Put in different terms, domestic economy is still falling, with no stabilisation in sight.
Next: external trade and GDP & GNP series:
Exports of goods and services - the only part of the economy that was booming (+15.94% in H1 2013 on H1 2007 and +5.44% on H1 2011) are hitting some bumps. H1 2013 posted a decline in total exports of 0.67% y/y. Meanwhile, imports of goods and services were up 0.08% y/y. As the result of this, our trade balance fell 2.32% y/y in Q2 2013 and is down 3.15% y/y for H1 2013. This is not good, as key Exchequer projections and debt sustainability analysis require healthy growth in trade surplus, not a decline. But more on this below…
GDP at current prices fell 1.49% in H1 2013 compared to H1 2012 and is down 0.28% on H1 2011 and down 15.26% on H1 2007. Recall that our real GDP fell 1.10% y/y in H1 2013. In other words, there is no growth in actual underlying activity. This is pretty bad. Actual euro notes we have in the economy's 'pockets' at the end of H1 2013 (as imperfectly measured by GDP) were fewer than at the end of H1 2012 and H1 2011. And these fewer euros were not worth more, either. I wouldn't call this 'stabilisation'.

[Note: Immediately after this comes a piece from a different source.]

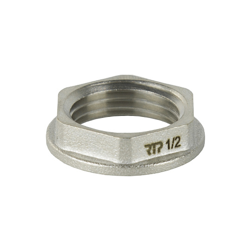 Контргайка латунная с ребордой ТМ РТП системы SIGMA применяется в трубопроводах водоснабжения и отопления. Предназначена для накручивается перед основной гайкой, чтобы надежно зафиксировать резьбовое соединение и предотвратить его развинчивание. Монтаж контргайки очень простой. Шестигранный корпус позволяет применять гаечный ключ. Правильный монтаж резьбовых латунных изделий гарантирует бесперебойную работу всей системы отопления и водоснабжения, исключая протечки. Важным преимуществом латунных контргаек РТП - гальваническое покрытие. Процесс никелирования делает латунные фитинги стойкими к коррозии. Срок службы систем отопления и водоснабжения с применением латунных фитингов – более 50 лет.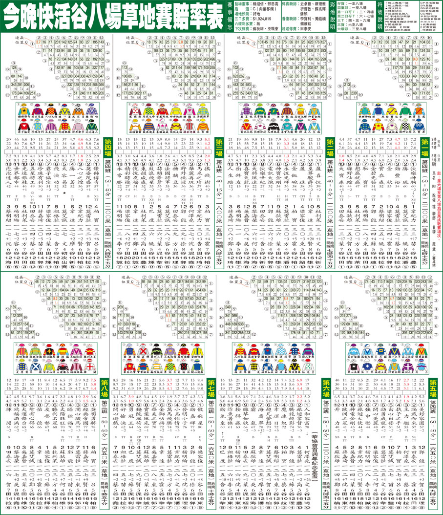 今晚快活谷八場草地賽賠率表

Net factor income outflows abroad are falling as well and I commented on these in the previous posts.
GNP expressed in current market prices is 2.32% ahead in H1 2013 compared to H1 2012 and 2.92% ahead of H1 2011. This is good news, especially since GNP is a more accurate reflection of our real economy's output (also rather imperfect) than GDP. Not so good news: GNP is still down 17.53% on H1 2007.
Chart below drills into the composition of our external trade:
The above clearly shows the massive swing of our external trade activities from goods sectors to services sectors. And on imports of goods side it shows the legacy of the consumption bust, which remains one of the two largest drivers for improved external trade statistics we see on national accounts.
Finally, total domestic demand: the measure of the economy that covers all domestic activities of private and government consumption and investment combined, plus chafes in stocks.
As the above shows, domestic economy continues to suffer losses in activity: Total Domestic Demand fell 0.95% in H1 2013 compared to H1 2012 and is down 3.05% on H1 2011. Compared to H1 2007, Total Domestic Demand is down 27.41%.
Summary: Bad news: Despite improvements in real variables in Q2 2013, domestic economy continued to contract in H1 2013, with domestic demand down compared to H1 2012, driven by declines in Net Government Current Expenditure and in Gross Fixed Capital Formation. Good news is that decline in domestic demand was ameliorated by a marginal increase in Personal Expenditure on Goods and Services. On the bad news side, exports of goods and services fell in H1 2013 compared to H1 2012. These changes, together with domestic demand movements resulted in GDP falling in H1 2013 compared to H1 2012. Lower rate of profits repatriation out of Ireland by the MNCs has resulted in an increase in GNP in H1 2013 compared to H1 2012.
In simple terms, if Irish economy were a student asking for a report card for H1 2013, I don't think there would be much on it worth boasting about. Let's hope H2 2013 will be different for the better.